One is the creation of the Center for Integrated Circuits and Devices Research (CIDR). Nemenzo said the CIDR aims to create graduate-level IC designers through joint graduate level programs, collaborative research, and a network of mirror laboratories.
The CIDR was a collaboration of UPD and Mindanao State University-Iligan Institute of Technology, along with 11 other higher education institutions (HEIs), private sector partners, and two government agencies, with the support of DOST-PCIEERD (Philippine Council for Industry, Energy, and Emerging Technology Research and Development).
“In anticipation of industry’s needs in AI (artificial intelligence) and data science, UPD recently established graduate programs in AI and data science. In particular, a master’s and doctorate in AI, and a doctorate in data science,” Nemenzo said.
He also mentioned the UP Center for Intelligent Systems, which is envisioned to coordinate and synergize the wide range of efforts, programs, and initiatives in intelligent systems across the various units of the entire UP System.
“The 2021 UNESCO Science Report lists the Philippines as having the fifth highest growth rate in scientific publications in AI and robotics. In AI, we have graduate programs, scholarships, research funding especially from DOST and CHED (Commission on Higher Education), and as it seems, evidence of growth in scientific productivity,” Nemenzo said.

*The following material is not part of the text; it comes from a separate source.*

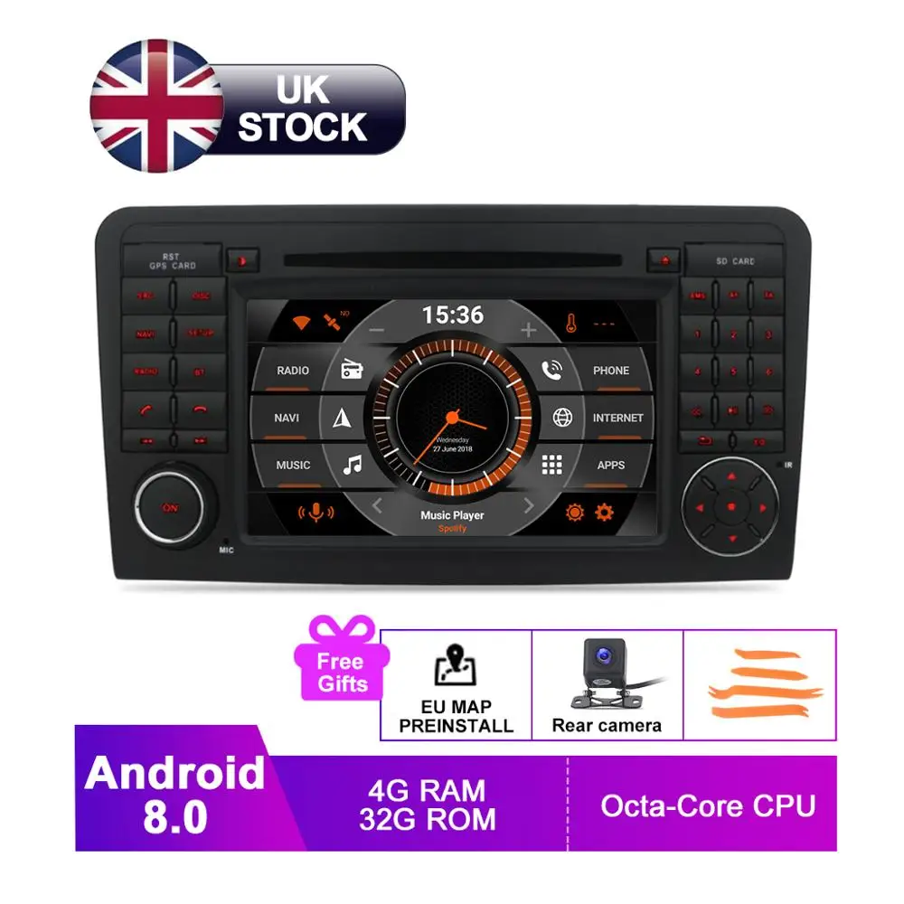 Android 8.0 Car DVD For Benz ML Class W164/ GL Class X164 Two Din 7" IPS Screen GPS 4GB RAM 32GB ROM Auto Radio Stereo RDS WiFi -- Free reverse camera + Free offline maps for iGo of Europe It is special 2 din radio station For Benz ML CLASS (W164) 2005-2012 (ML300, ML350, ML450, ML500) For Benz GL CLASS (X164) 2005-2012 (GL320, GL350, GL420, GL450, GL500) if your car has optic fiber amplifier or sound system, such as Bose or Harman-kardon, please note this item cannot support it Attention: Please make sure your original Car Stereo/Radio/DVD Player has the same shape as our unit Features/Specifications 1)Android 8.0 Oreo, RAM:4GB, ROM:32GB, CPU: Octa-core Processor 1.5GHz, High quality radio IC: NXP TEF6686, with better reception. 2)Built-in TDA7851amplifier IC, Supports subwoofer audio output, and control it separately. Screen Resolution: 1024*600, Support 4K(3840×2160 pixels)/1080P HD video,support mirror link function,You can use your smartphone's online GPS to mirror on this unit,support DAB+ function(optional) 3)Supports GPS Navigation, pre-install Google map(without offline map data),Support output almost everything to the headrests,even it play the video from USB/SD card,or online Youtube video. Built in USB Port/ Micro SD Slot(up to 32GB), WIFI(Built in WIFI modem)/4G internet(Extra device required), Support reversing camera(Extra device required) 4)Support Fast-boot. After the installation, this machine only need about 1 secondto finish booting from the 2nd time.(Other machines typically take 30 seconds) 5)Support Bluetooth call /audio play, Sync phonebook, quick search contacts, external microphone Specifications CPU: Octa-core CPU Processor 1.5GHz RAM: DDR3 4GB Nand Memory: 32GB Radio IC: NXP TEF6686 Bluetooth: BT 4.0 Amplifier IC: TDA7851 Working Voltage: 10.8~14.8V DC Audio output: 4*50W Max Boot time(2nd time): about 1s Screen Screen Size: 7-Inch IPS Screen Resolution: 1024x600 Capacitive Touch Screen (5 points) Operation System The newest Android 8.0 system, Octa-core CPU Processor 1.5GHz with RAM:4GB&ROM:32GB. more smooth and faster processing speed for running applications. EQ Built-in TDA7851 amplifier IC, Supports subwoofer audio output, and control it separately. Max audio output: 4X50W Phone Mirroring Mirror your phone on the 7inch screen. For Android phone, you can mirror and control on the unit via USB cable connection, Air Play For iPhone, you can just mirror on the unit via wifi connection, can not control GPS Support online and off-line navi app, support 3D Maps and voice guidance, your long journey will no longer be bothered by the nightmare of getting lost. Voice Guidance: Yes 3D Map: Yes (Support radio/Bluetooth/USB/SD playback while navigating.) AV Output For this unit, it can output almost everything to your headrests, even you play the video from USB/SD /online Youtube video. Many headunits in the market can only output the DVD video to the headrest. Bluetooth 4.0 Built-In Microphone in the control panel for hands free calling function External microphone also included for free clear voice calling Support Bluetooth audio player/Phone Book function, quick search contacts. (Attention: This function can only be realized when the mobile phone supports Bluetooth Audio Output/Contacts Output) Support Bluetooth Connection for iPhone/ Most Android Phones/ Even some None Smart Phone (Attention: The Bluetooth just for audio stream transfer, it doesn’t support file transfer or Internet tethering.) Radio High quality radio IC: NXP TEF6686,with good radio reception. AM/FM tuner built in (worldwide) AM frequency range: 522-1620 (Europe), 530-1710 (America), 522-1620 (Russia) FM frequency range: 87.5-108 (Europe), 87.5-107.9 (America), 65.0-108.0 (Russia) RDS Radio: Yes WIFI/3G internet 3G: Require external USB 3G modemand your local Internet SIM card to be connected,Only support WCDMA3G bandwidth WIFI: Built in WIFI modem Direct turn on WIFI function to search and connect to any free WIFI hotspots USB/SD Built in micro SD card slot/ USB Port. Support SD card/ USB drive up to 64GB. Support Audio Formats: MP3/WMA/WAV/APE/FLAC/OGG/AC3, etc. Support Video Formats: RMVB/AVI/MPG/MPEG/VOB/MOV/ASF/FLV/3GP/MP4, etc. Steering Wheel Control Change the track, volume, etc, without taking your hands off the steering wheel, which makes your driving much safer. DVD Support all formats DVD drive: Region Free Compatible Formats: AVI/DVD/DVD+R/DVD-R/DVD+RW/DVD-RW/VCD/MP3/CD/CD-RW/JPEG etc. AboutShipment CustomerFrom Spain And Portugal,Please Note: IF you have the same zip code like this:

He added, “There will have to be strong linkages and active collaborative efforts across the various UP campuses, between UP and other HEIs, and through industry-academe-government clusters. Frameworks such as the Philippine Development Plan 2017-2022 and the Inclusive Innovation Strategy can provide the blueprint, and hopefully the policy and funding support, for these efforts.”
Nemenzo was guest speaker at the 17th PSECE with the theme Harnessing Digital Transformation to Accelerate Economic Recovery, held from Nov. 16 to 18 at the SMX Convention Center Manila.
The event was organized by the Semiconductor and Electronics Industries in the Philippines Foundation Inc. (SEIPI), the largest organization of Filipino and foreign electronics companies in the Philippines. According to the SEIPI website, SEIPI aims to make the Philippines a globally competitive business environment for semiconductor and electronics technologies.